Game of Death @ Fantasia

Capture+d’écran+2017-02-03+à+16.14.59Jumanji crossed with Natural Born Killers springs to mind when asked to describe the Quebec made film, Game of Death. Maybe a little Hunger Games thrown in for good measure. The other way I would describe it would be a hell of a lot of blood and fun…if you are into that kind of thing.

Seven millennials spending time at a remote property where they are drinking, drugging, swimming, and engaging in some sex. That is the jumping off point of directors Sebastien Landry and Laurence Morais-Legace’s film which debuted at SXSW.

Seven young friends are spending some time at a nice property with a pool. As you might expect of young people with this type of freedom and no supervision they are engaging in sex, drugs and drinking. The light and drunken fun comes to a crashing halt when they begin playing a game.

The first sign that this was not your typical game should have been the name of it. Game of Death. What starts out as fun soon denigrates into murder and mayhem. Plus the odd exploding head. The basic premise of the game is that the seven have to kill 24 people one at a time before the timer runs down or one of them will be the victim. And once you start playing the game (which is indestructible, trust me they try!) you cannot stop.

Once one of them has died and the shock has worn off a little, the remaining six have to decide whether their lives are more important than others. Will they take on the task of killing 24 people or not? Kill or be killed is the question.

The concept is excellent if not too original. They took it and ran with it making a splatter gore film that is filled with equal amounts of sick moments and laughs (sometimes happening at the same time). The film is an extension of a web series the directors had previously put together.

Despite all the gore and silliness going on there is a serious question behind it all – Is it alright to kill if the only alternative you have is dying yourself? Is suicide your only moral option? Hmmm….

The strongest acting in the young cast comes from Erniel Baez Duenas. In the beginning you hate the obnoxious/conspiracy theory spouting pizza delivery guy/drug dealer. Then over the course of the film he wins you over with the fact that his is the most humane of the seven characters. His character actually demonstrates a range of emotions rather that staying static.

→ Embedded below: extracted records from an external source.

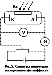 Это явление было открыто в 1887 году Г. Герцем, который заметил, что проскакивание искры между цинковыми шариками разрядника значительно облегчается, если один из шариков осветить ультрафиолетовыми лучами. В 1888-1889 гг. А.Г. Столетов установил следующие закономерности: 1) испускаемые под действием света заряды имеют отрицательный знак; 2) наибольшее действие оказывают ультрафиолетовые лучи; 3) величина испущенного телом заряда пропорциональна поглощенной им световой энергии. В 1898 году Ф. Ленард и Д. Томсон, измерив удельный заряд испускаемых под действием света частиц, установили, что эти частицы являются электронами. Схема установки для исследования фотоэффекта показана на рис.5. Свет проникает через кварцевое окошко Кв в эвакуированный баллон и освещает катод К, изготовленный из исследуемого материала. Фотоны, проникая в материал, передают свою энергию электронам. Если энергия фотонов достаточно велика, то электроны, приобретая кинетическую энергию, могут вылетать из поверхности металла в окружающее пространство. Электроны, испущенные вследствие фотоэффекта, перемещаются под действием электрического поля к аноду А. В результате в цепи прибора течет фототок, измеряемый гальванометром G. Напряжение между анодом и катодом можно измерять с помощью вольтметра V. Фотоэффект в сильной степени зависит от состояния освещаемой поверхности (в частности, от находящихся на ней окислов).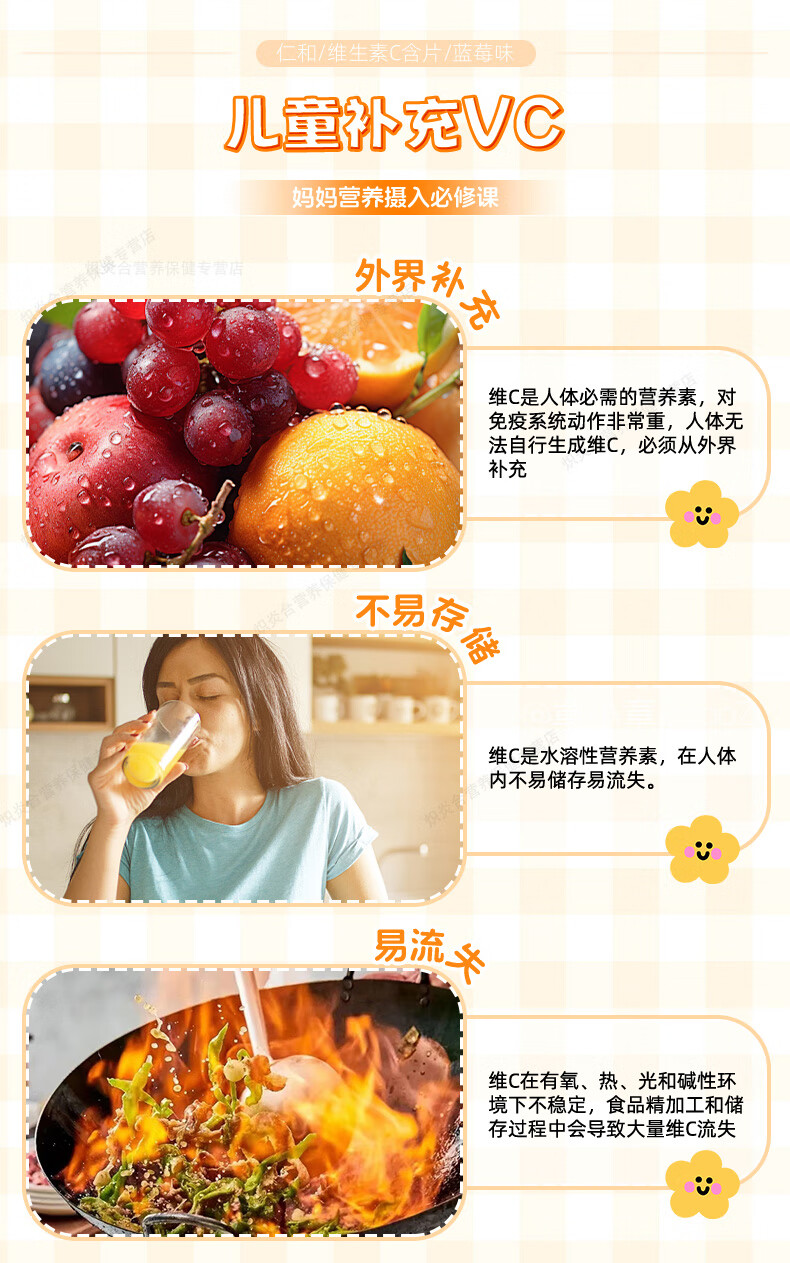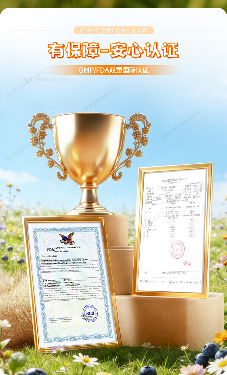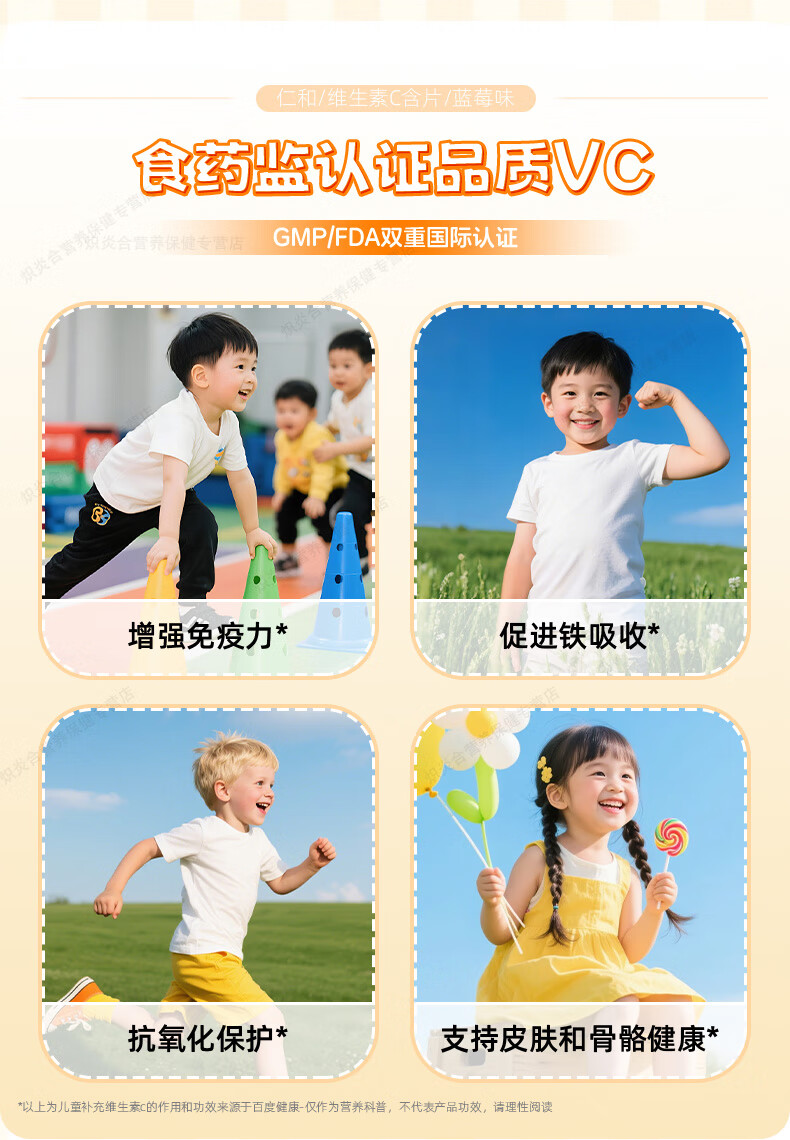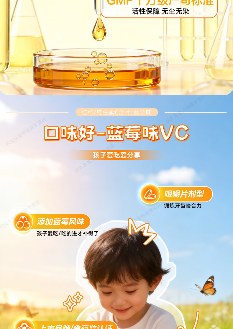仁和维生素C咀嚼片蓝莓味复合维c宝宝补充VC儿童4-17岁感冒过敏常备 【8盒巩固装】贴心守护*自护小超人 20片*8瓶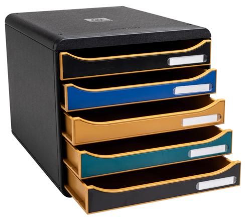 Die Schubladenbox Big Box Plus Neo Deco von Exacompta verfügt über 5 Schubladen, in denen Sie Dokumente im Format A4 und A4+, Sammelmappen mit Gummizug 24x32cm oder großformatige Umschläge ablegen können. Sie eignet sich für den Einsatz im Büro, Home Office oder in der Schule.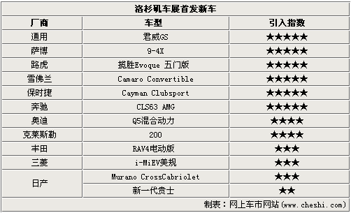 在這屆洛杉磯車展上,12款新車首發涵蓋了美、德、日等廠商,在車型類型則有轎車、敞篷跑車、SUV、MPV等,除此之外還有純電動車登場。這其中君威GS、9-4X、攬勝Evoque 五門版等6款車預計明年引入國內,其他如奧迪Q5混合動力、克萊斯勒200、純電動RAV4也有引入的可能。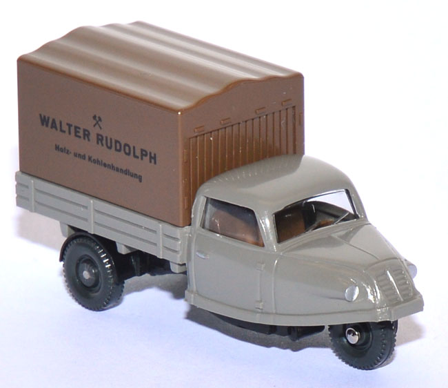 Fahrerhaus mit Pritsche in Steingrau, Fahrgestell in Schwarz, Plane in Blassbraun. Planenbedruckung mit Schriftzug “Walter Rudolph – Holz- und Kohlenhandlung“ (Quelle: Wiking)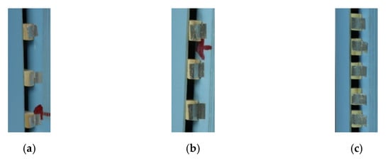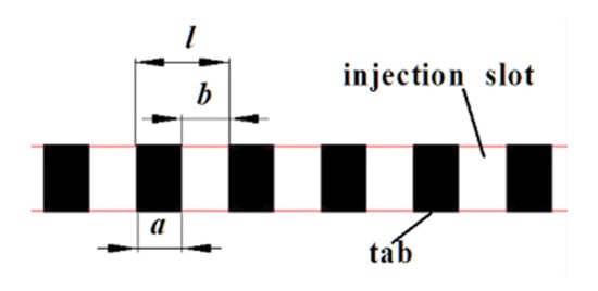Two fundamental parameters of DCFJ technology are the obstruction factor (OF) [] and relative unit length (RUL). As illustrated in Figure 9, the combination of one tab and one injection slot is defined as one blocking unit of the DCFJ injection, and the DCFJ injection contains a lot of blocking units. The OF is defined as the ratio of each tab length to the blocking unit length. The RUL is defined as the ratio of the blocking unit length to the airfoil chord length. Figure 9, the black regions denote the tabs, and the blank regions denote the injection slots.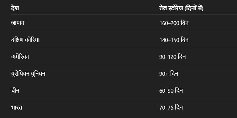 જો યુદ્ધની સ્થિતિમાં તેલનો પુરવઠો બંધ થઈ જાય, તો કયા દેશ પાસે તેના દેશને કેટલા દિવસ ટકાવી રાખવા માટે પૂરતો તેલ સંગ્રહ છે એ જાણીએ તો જાપાન પાસે 160થી 200 દિવસ ચાલે તેટલો સંગ્રહ છે. તેમજ દક્ષિણ કારિયા પાસે 140થી 150 દિવસ ચાલે તેટલુ, આ સિવાય અમેરિકા પાસે 90થી 120 દિવસ ચાલે તેટલો સંગ્રહ છે અને યૂરોપિયન યૂનિયન દેશ પાસ 90 દિવસ કે તેથી વધારે દિવસ ચાલે તેટલું ક્રૂડ ઓઈલ છે. આ સિવાય ચીન પાસ 60થી 90 દિવસ ચાલે એટલું તો ભારત પાસે 70થી 75 દિવસ ચાલે તેટલું ક્રૂડ ઓઈલ છે.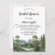 Celebra a la futura novia con esta impresionante invitación inspirada en el aire libre. Con un paisaje de acuarela pintado hermosamente de altos pinos, aves volando alto y una majestuosa escena montañosa azul y verde, establece el tono perfecto para una despedida de soltera llena de naturaleza.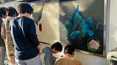 畫像小組的同學(xué)拿起手中畫筆,為團(tuán)結(jié)湖南北里社區(qū)老黨員、社區(qū)志愿者、騎手社工畫像。大家認(rèn)真描繪“模特”們和藹可親的形象,不時(shí)與“模特”聊天互動(dòng),聽他們分享自己生活中的精彩故事。除此之外,部分同學(xué)圍繞垃圾分類、廉政教育等主題為社區(qū)繪制黨建板報(bào)。通過繪制板報(bào),傳播正能量,為社區(qū)宣傳添一份力。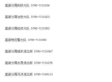 声明:关于新余市高新区各派出所、各大队联系电话汇总表的信息作出免责声明,此信息来源于新余市高新区政府网站公开之内容,整理转载此文是出于传递更多便民服务信息之目的。若有来源标注错误或者其它差错或侵犯了您的合法权益,请与本网站联系,我们将及时更正、删除,谢谢。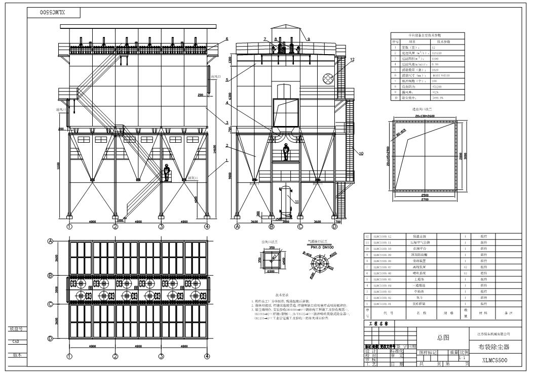 除塵器設置有濾袋檢漏裝置用于檢測濾袋狀況,并設置差壓、溫度、料位等在線監測裝置。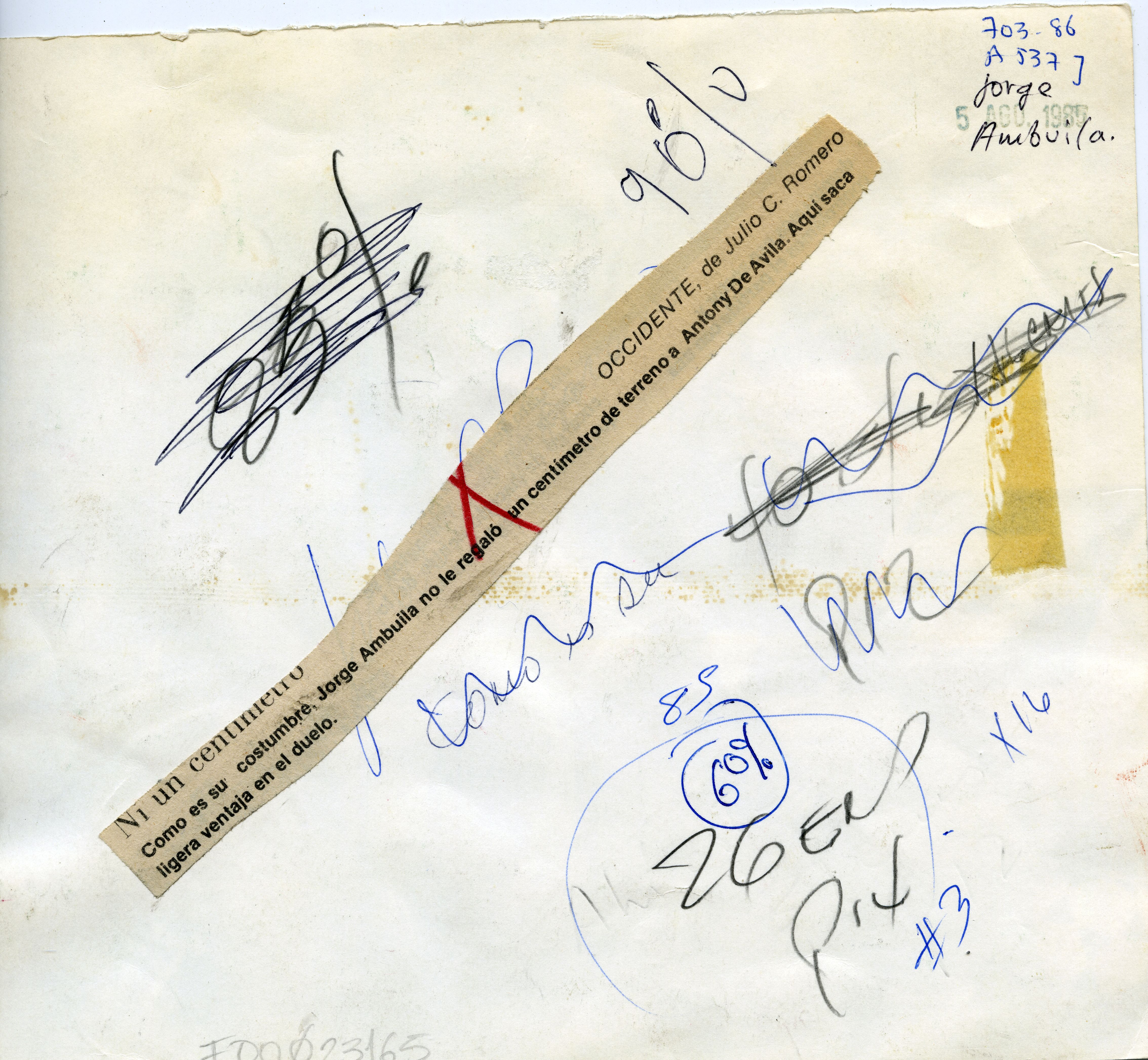 Al reverso de la fotografía se anexa recorte: Como es su costumbre, Jorge Ambuila no le regaló un centímetro a Anthony De Ávila. Aquí saca ligera ventaja en el duelo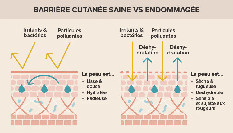 La barrière cutanée, c’est la couche protectrice qui garde la peau forte et équilibrée.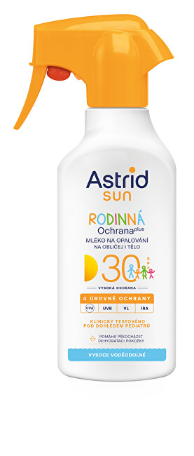 Astrid Sun ponúka oveľa viac než len základnú ochranu proti slnku. Poskytuje optimálnu ochranu pred 4 hlavnými typmi slnečného žiarenia (UVA, UVB, VL*, IRA*), ktoré poškodzujú pokožku. Vďaka kyseline hyaluronovej navyše udržuje pokožku dlhodobo hydratovanú. Je bezpečné a šetrné pre koralové útesy**.*In vitro test na účinnej látke.**V súlade s havajským zákonom o koralových útesoch. Neobsahuje oxybenzón a oktinoxát.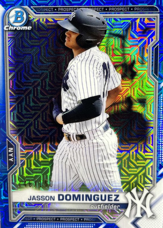 Best Prices Available For Sale of Jasson Dominguez 2021 Bowman Mega Box #BCP-13 Chrome Prospects - Blue Mojo Refractor /150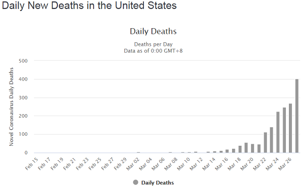 The United States now stands at 112,560 confirmed infections and 1,878 deaths as of this writing. Yesterday alone, 406 people died from the coronavirus, and that daily fatalities number will continue to grow for some time yet to come, perhaps reaching 1,000 per day.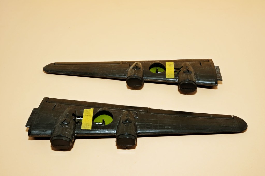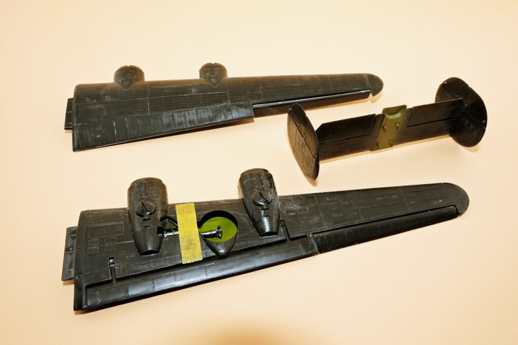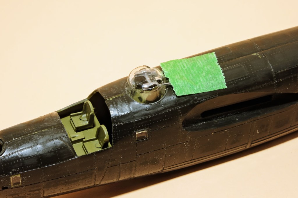 But the bane of the adult builder – working play features were ready to trap the unwary – you needed to include the top turret and the main landing gear struts in their respective places before closing up. This exposes th top turret to sanding mistakes and gun barrel breakage. I guarded against this by taping the wretched things flat while working and then coating the clear parts with masking fluid. Not the best, but the only option.

Another funny and cool touch (in a film filled with little cool things) is the manatee documentary running in the background. Everyone in the film seems to be watching the same channel. The potatoes of the sea (that is what they are called) float happily in the background of many a bloody scene. The directors said the reason was twofold – that they had to provide some sugar with the darkness of the film and that they had every television tuned to it to give a feeling of the story happening in a small town where station choice is limited.

Nice to see a local production that probably had a fairly low budget, but manages not to look cheap. There is quite a stylish feel to Game of Death. The video game renditions of many of the killings that go on is not only a nice touch with many video game styles being used, but also a nice homage to game like House of the Dead.